Ai fini de lire « Un héros de notre temps » de Lermontov. Enfin, je l’ai écouté en livre-audio, je n’ai que des bandes dessinées dans ma bibliothèque. C’est un bon bouquin, malgré le lecteur, qui avait la même voix que Droopy, mais il en faut plus pour contrecarrer les desseins de Skeletor ! Dans cette histoire, le personnage principal n’en a rien a fiche de rien. Il aurait gagné à être plus vilain, mais j’ai trouvé ça pas mal, je me suis senti un peu comme lui, mais en moins cool.
Ahlala cher journal, à part ça, je dois t’avouer que c’est la déprime. Déjà, l’ambiance. À la télé, quand ce ne sont pas des chanteur ignobles qui se filment chez eux en train de bêler, un reportage sur le virus à Poh-Lentah, où le quarante-cinq millième épisode d’Amour, Poire et Potée, ce sont les journalistes qui comptent le nombre de morts comme on compte les moutons, un, trois, deux, quatre, cinq… Tous les jours. Au lieu que ce soit des ovins qui sautent une barrière, ce sont des eterniens qui sautent dans un trou. On a dépassé les vingt milles trépassés, super, mais ça fait longtemps qu’on s’est endormi. Des chiffres, encore des chiffres, ça me donne la migraine, j’ai horreur des mathématiques. Et puis c’est pas juste, est-ce qu’on compte le nombre de morts que je fais ? J’ai carrément plus de style moi, je suis un artiste, moi. Tu sais combien d’heures de travail il faut pour ouvrir un paysan en deux avec les mains ? Plein. Il en faut plein. Et mooossieur le Virus, il sait faire ça lui ? Non. Même pas. Les eterniens n’ont aucun goût ! Ils ne me méritent pas !

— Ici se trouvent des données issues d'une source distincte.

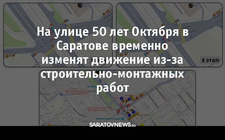 В Саратове на улице 50 лет Октября временно изменится организация дорожного движения. Об этом сообщили в городском комитете дорожного хозяйства и благоустройства. Ограничения связаны с выполнением строительно-монтажных работ в районе пересечения с улицей Технической.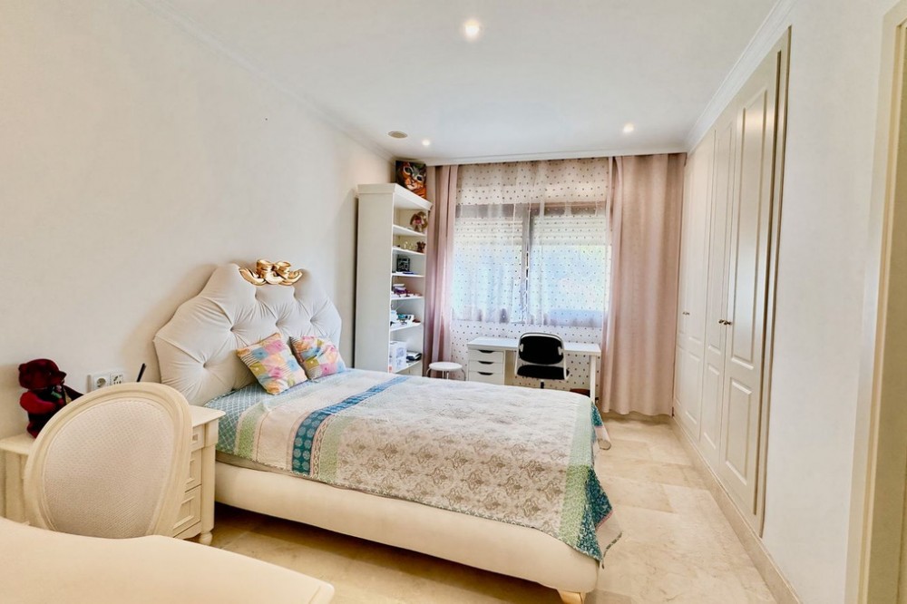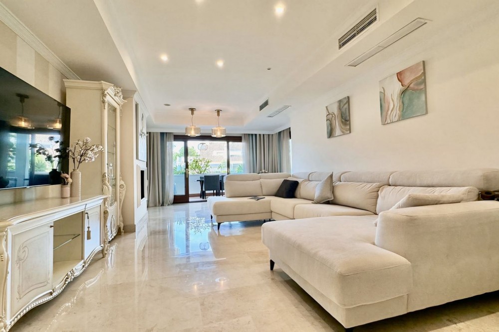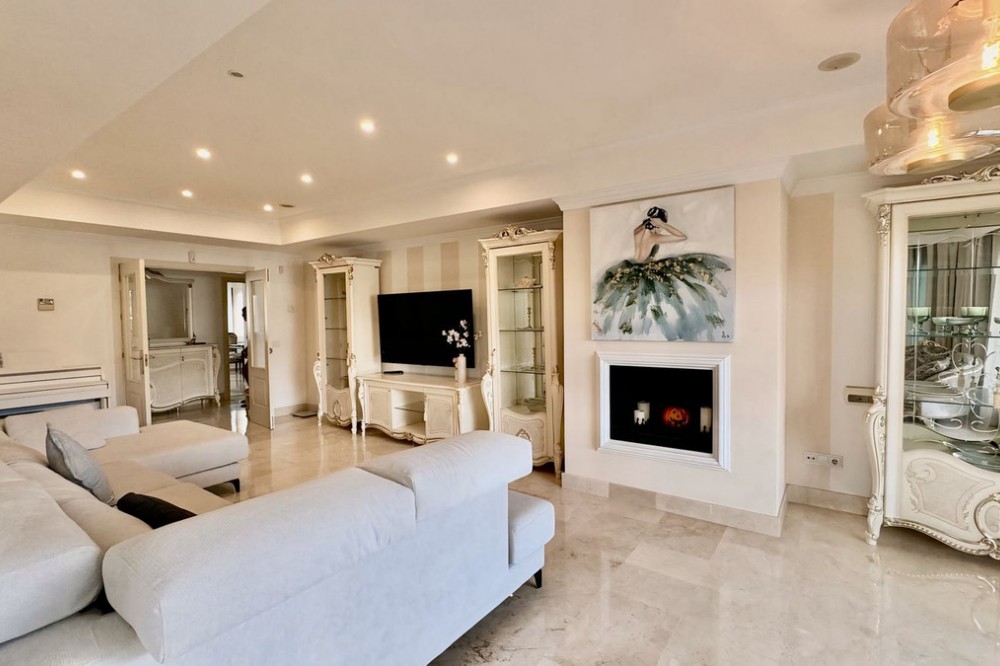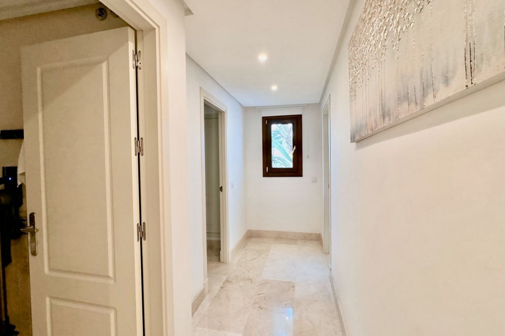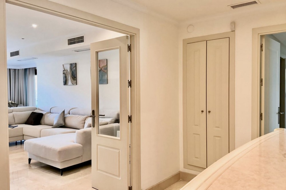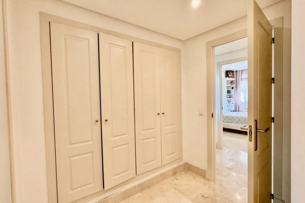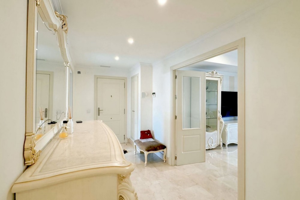 - Ruim appartement op de eerste verdieping | Marbella Golden Mile Dit uitzonderlijke appartement op de eerste verdieping, gelegen in de prestigieuze, afgesloten woonwijk Lomas del Rey, is een toonbeeld van het allerbeste op het gebied van hedendaags mediterraan wonen. Het appartement is vakkundig gebouwd volgens de hoogste specificaties en elk element is met uiterste zorg ontworpen – van de architectonische afwerking tot de doordachte indeling van de royale binnenruimtes. De indeling van de woning kenmerkt zich door een ruime, open keuken met eethoek, naast een aparte woonkamer die naadloos overgaat in een groot terras via kamerhoge glazen wanden. Natuurlijk licht stroomt door het hele huis en creëert een sfeer van zeldzame lichtheid en ruimte. De entreehal leidt intuïtief door de woning: rechts de belangrijkste ontvangstvertrekken; rechtdoor een privécorridor met een gastentoilet en een fraai ingerichte gastensuite met inloopkast; en links de royale master suite – een serene oase met eigen inloopkast en exclusieve toegang tot een privéterras. Lomas del Rey is een vooraanstaand luxe wooncomplex dat bewoners 24-uursbeveiliging, prachtig aangelegde, volgroeide tuinen en vier buitenzwembaden biedt, waarvan er één verwarmd is – een ambiance die de afzondering en verfijning van een privéresort oproept. De wijk geniet een benijdenswaardige locatie, direct naast de iconische Puente Romano en de Lomas de Marbella Club, op slechts een steenworp afstand van de restaurants van wereldklasse, boetieks en culturele voorzieningen van de Marbella Golden Mile – een van de meest gewilde en rustige adressen aan de Costa del Sol. De wijk is uitstekend bereikbaar via de snelweg AP-7, en de internationale luchthaven van Málaga ligt op ongeveer 57 kilometer afstand.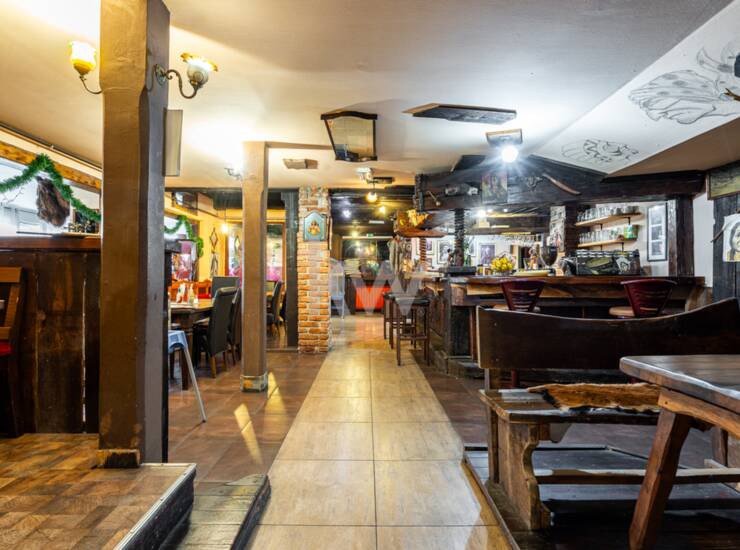 Razporeditev prostorov: Celotno poslovanje se odvija v pritličju, kjer je točilni pult, gostinski del z mizami, zastekljen zimski vrt, pripravljalnica pizz, kuhinja, sanitarije in zunanja letna terasa. V mansardi je garderobni del za zaposlene, 2 pisarni,del skladišča. Lahko pa ta del uporabite za različne namembnosti.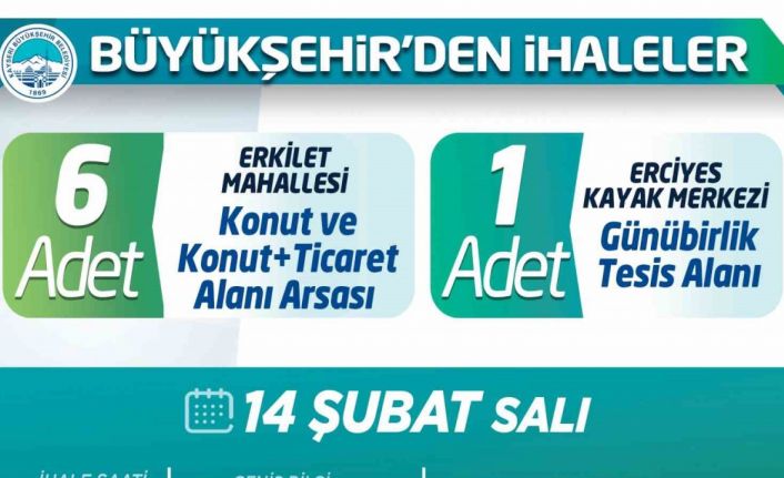 Mülkiyeti Kayseri Büyükşehir Belediyesi’ne ait olan, Kocasinan Erkilet Mahallesi’nde bulunan 6 adet arsa ile Erciyes Mahallesi’nde (Erciyes Kayak Merkezi) bulunan 1 adet günübirlik tesis alanı arsası 2886 sayılı Devlet İhale Kanununun 37. maddesi gereğince yapılacak Kapalı Teklif Usulü ihale ile satış gerçekleştirilecek.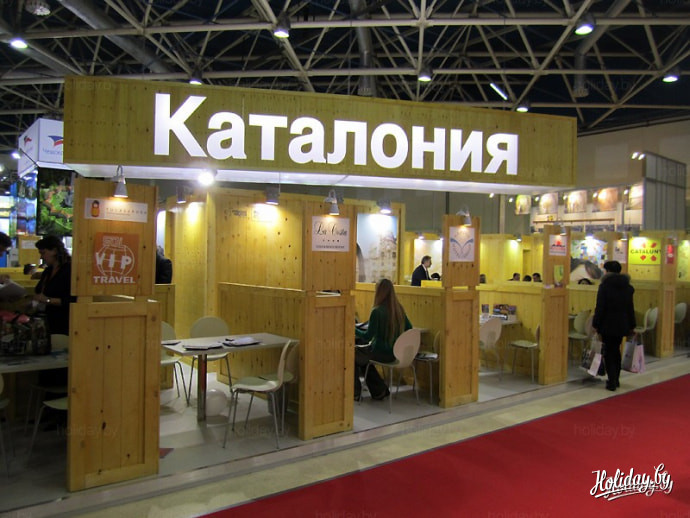 На второй день не удержался и сделал кадр стенда Каталонии (автономной области в Испании). Просто понял, почему. Он просто из досок :)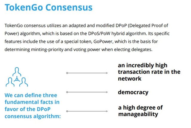 TokenGo consensus utilizes an adapted and modified DPoP (Delegated Proof of Power) algorithm, which is based on the DPoS/PoW hybrid algorithm. Its specific features include the use of a special token, GoPower, which is the basis for determining minting-priority and voting power when electing delegates. When blocks are generated, the DPoP consensus suggests that the dependence on equipment power capacity and the stake in GoPower token ownership should be used simultaneously.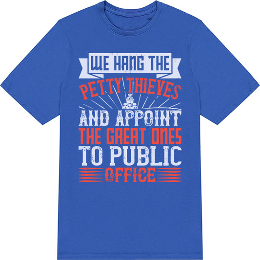 We Hang The Petty Thieves And Appoint The Great Ones To Public Office – Unisex Graphic Tee | Political Statement Apparel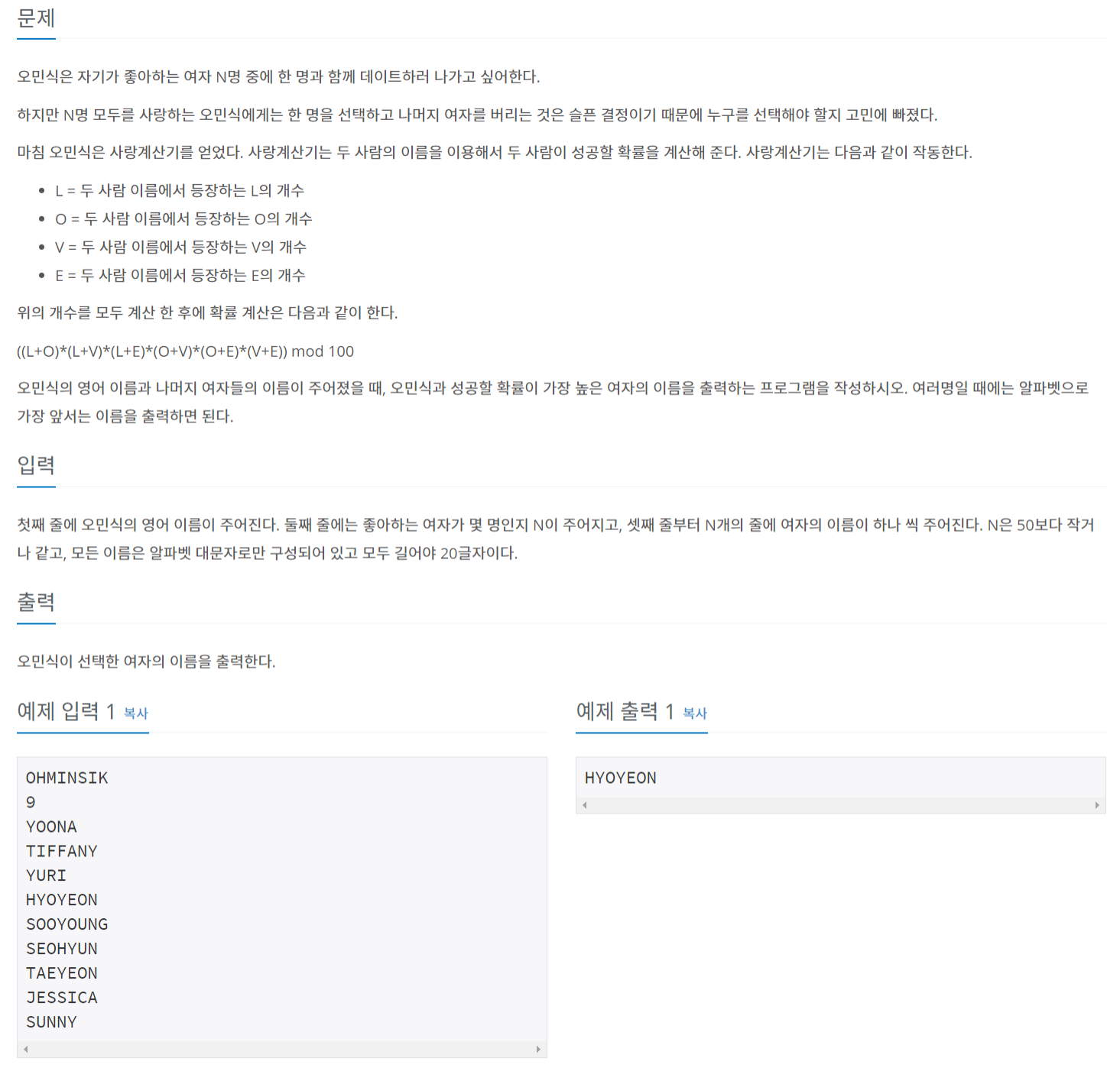 여자들의 이름을 w_list 에 넣어 정렬 후 민식이의 이름과 각 여자의 이름을 받아 count 함수를 사용해 찾고자 하는 문자열의 수가 몇 개인지 센 후 더했다. 그 후 사랑 계산기를 통해 사랑의 확률 p 를 계산한 후 조건문으로 사랑의 확률이 max_p 보다 클 경우 max_i 를 해당 이름으로 바꿔주었다. 마지막에 w_list[max_i] 를 출력한다.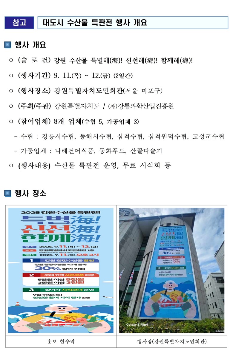 행사장에서는 시민들이 합리적인 가격으로 다양한 수산물을 구매할 수 있도록 전 품목 30% 할인을 실시하며, 3만 원 이상 구매 시 3천 원, 5만 원 이상 구매 시 5천 원의 할인 쿠폰을 추가로 제공한다. 또한 도민회관 내 강원푸드마켓과 연계해 타임세일 등을 진행, 현장 분위기를 더욱 풍성하게 할 계획이다.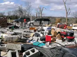 The tornado then tracked into Trousdale County and passed through rural areas to the northwest of Hartsville, weakening slightly to high-end EF2 strength. Frame homes were damaged or destroyed, vehicles were tossed and damaged, numerous trees were snapped and denuded, and mobile homes were obliterated with debris and insulation strewn long distances downwind. Ten homes were destroyed, and 23 homes had major damage along this segment of the path. As a result of the tornado, a major fire occurred as a natural gas plant was ripped apart by the tornado in the southwestern portion of the county. The area was evacuated and no one was injured at the plant. Two people were killed at a home along U.S. Route 231, and five other people were injured in the county.[65][66][4][67] Crossing into Macon County, the tornado regained EF3 intensity as it struck the western and northern sections of Lafayette, resulting in widespread, major destruction in the area. Numerous homes and several churches were destroyed in Lafayette, with several leveled to the ground. An auto sales business in town sustained heavy damage as well. Surveyors observed major damage to a large, expensive brick home that was built unanchored on a very weak, unreinforced cinder block foundation. The house shifted off the foundation during the tornado, causing walls to buckle and collapse. 170 homes were destroyed, and 9 homes had major damage in the Lafayette area. Thirteen people were killed in and around town, and 44 others were injured. President George W. Bush toured the Macon County destruction on February 8 and promised relief to individuals.[68] The logging industry in Macon County was hit hard, with about a million dollars worth of trees destroyed. Debris from Lafayette was found as far north as Sano, Kentucky, in Adair County, approximately 70 miles (113 km) to the northeast.[69] Sixteen thousand TVA electricity customers in Macon and Trousdale Counties lost power, some of whom did not have their service restored for a week.[70][71] Macon County schools were closed until February 19.[72][73][74][75] In total, roughly 260 houses in the three Tennessee counties were destroyed, and damage amounts were estimated at $78 million in Macon County alone.[76][77]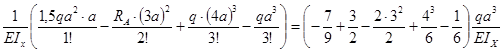 Для расчета балки на жесткость необходимо знать максимальный прогиб, который имеет место в сечении, где угол поворота равен нулю. Он имеет место в сечении z = 3а, отсюда vmax= vВ = 8qa4/(9 EIx)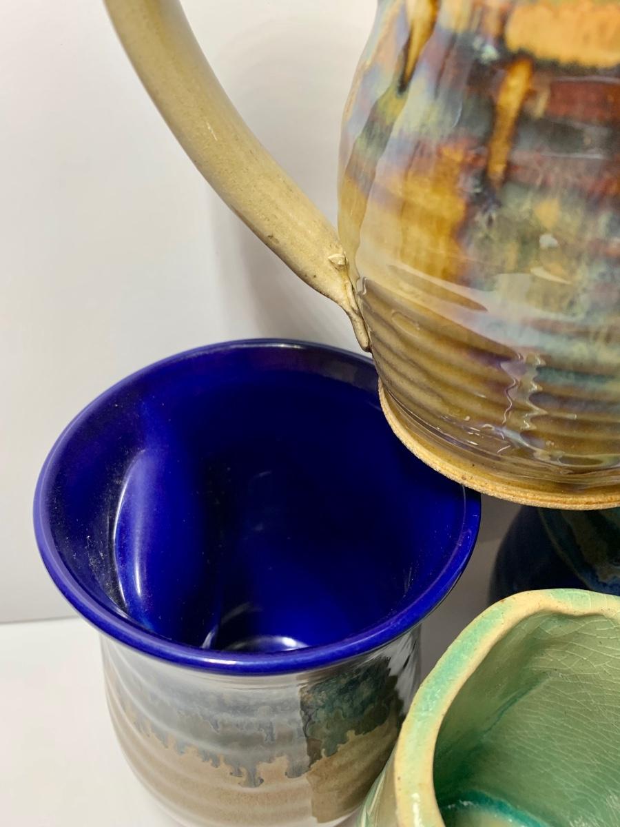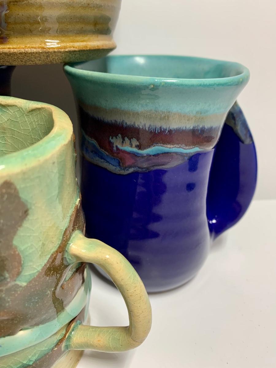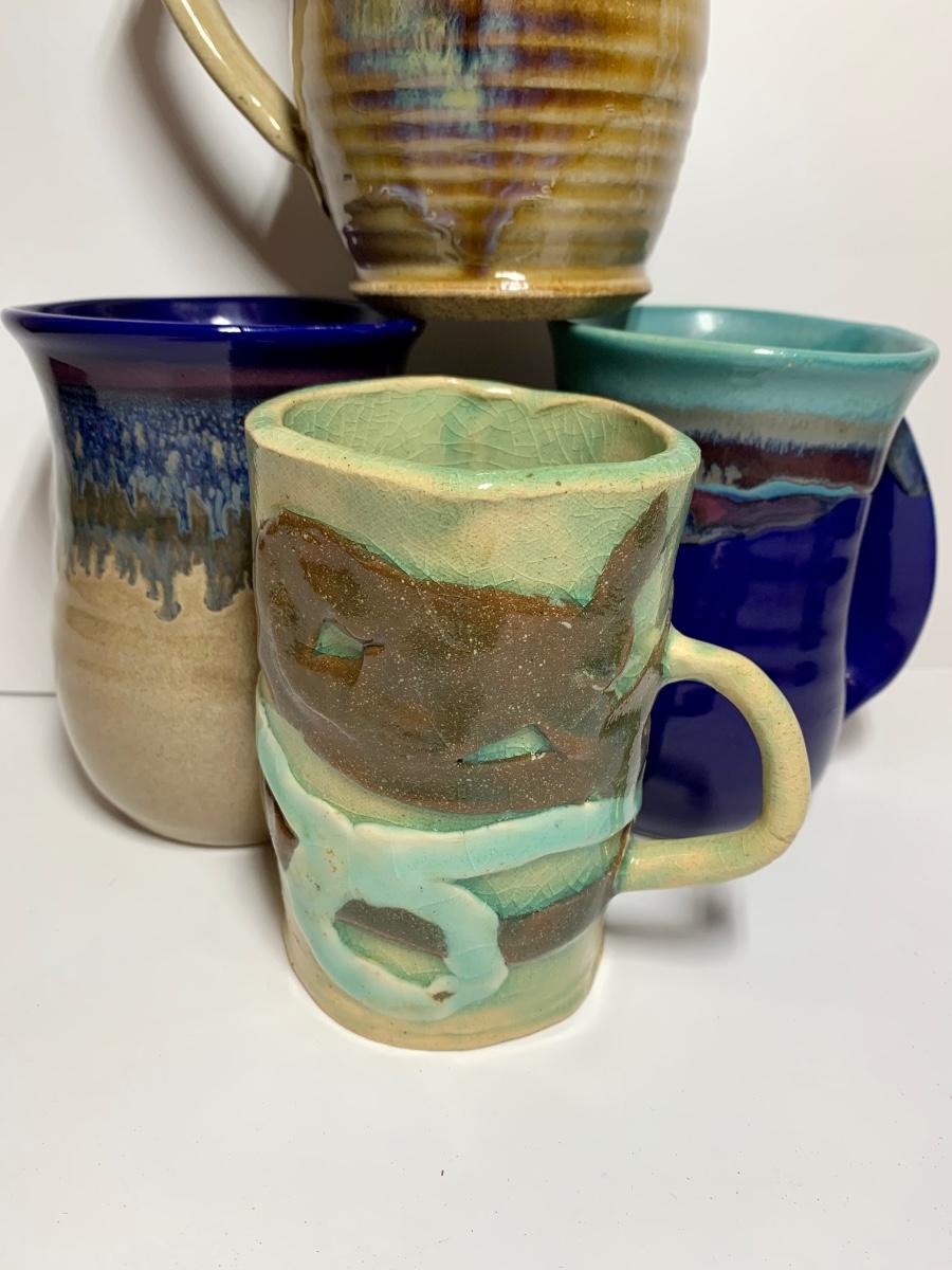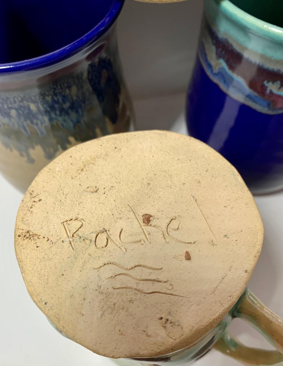 Set of 4 signed pottery mugs with 2 hand warmer/pocket mugs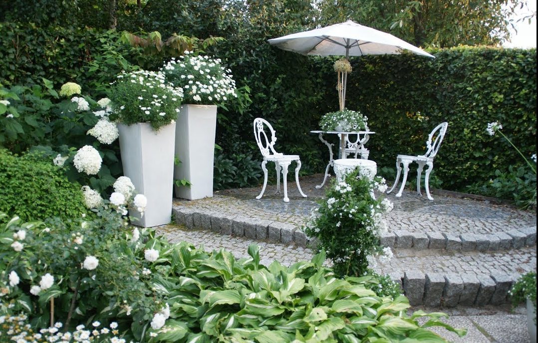 Arbustos de euonymus, césped, malvavisco, lila, saúco y jazmín se plantan alrededor del perímetro del sitio. Entre la diversidad de plantas perennes, la elección se detiene en rosas, phlox, ajenjo común, cebollas gigantes, helechos, incienso, ruibarbo, captación, huéspedes, rogers. La cabaña del jardín utiliza espireas, margaritas, azafranes, galantos, lirios del valle, helenios, delfines, peonías, onagra, asteres. De los jardines de flores, se da preferencia a mixborders ligeramente desordenados. Cerca de la casa se colocan bonitas camas de flores individuales en jarrones de piedra, cuencos con patas altas y delgadas.
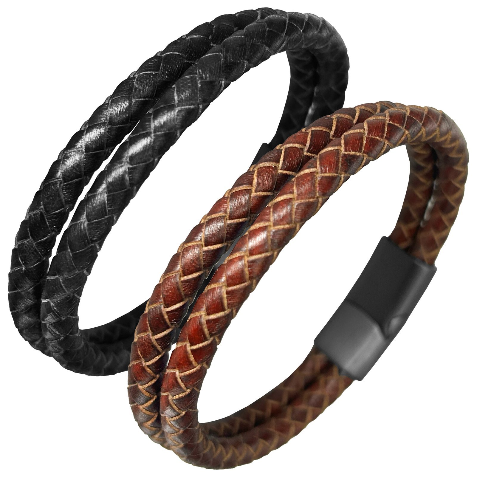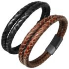 Braided Leather Bracelet w/ Stainless Steel Clasp

Et voilà, je m’emporte. Excuse-moi, cher Journal, tu le sais, d’habitude je suis plutôt jovial et primesautier. En ce moment, c’est pas drôle, ça me rend irritable. Je me sens con confiné. Une fois sur deux quand je sors, je me fais pointer par les soldats du Prince Adam, et je me prends une amende. Panthor tourne en rond à la maison, elle perd ses poils, maintenant c’est envahi de crottes en fourrure chez moi, c’est répugnant. Je passe ma vie à passer l’aspirateur. Au moins, quand j’aspire, je n’entends pas la musique que ces affreux mortels passent à fond la caisse des que vingt heures sonne au clocher de l’église du Raptor Christ Cosmoplanetaire. Je te jure, la prochaine fois que j’entends « Fritas les Bananas », je fais sauter le quartier. Les autres collègues de boulot se tirlipotent le penne rigate, il n’y a que moi qui travaille, Démonia sort avec cette tronche d’oursin de Poitos, Dentor a une rage de dents, et cet imbécile hirsute de Monstre passe son temps à m’inonder de jeux du genre, « une photo, un charnier » et de gifs idiots sur rattsapp, je n’en peux plus des hamsters qui explosent. Même cette andouille de Musclor me manque. C’est un couillon, mais au moins, il sait se battre.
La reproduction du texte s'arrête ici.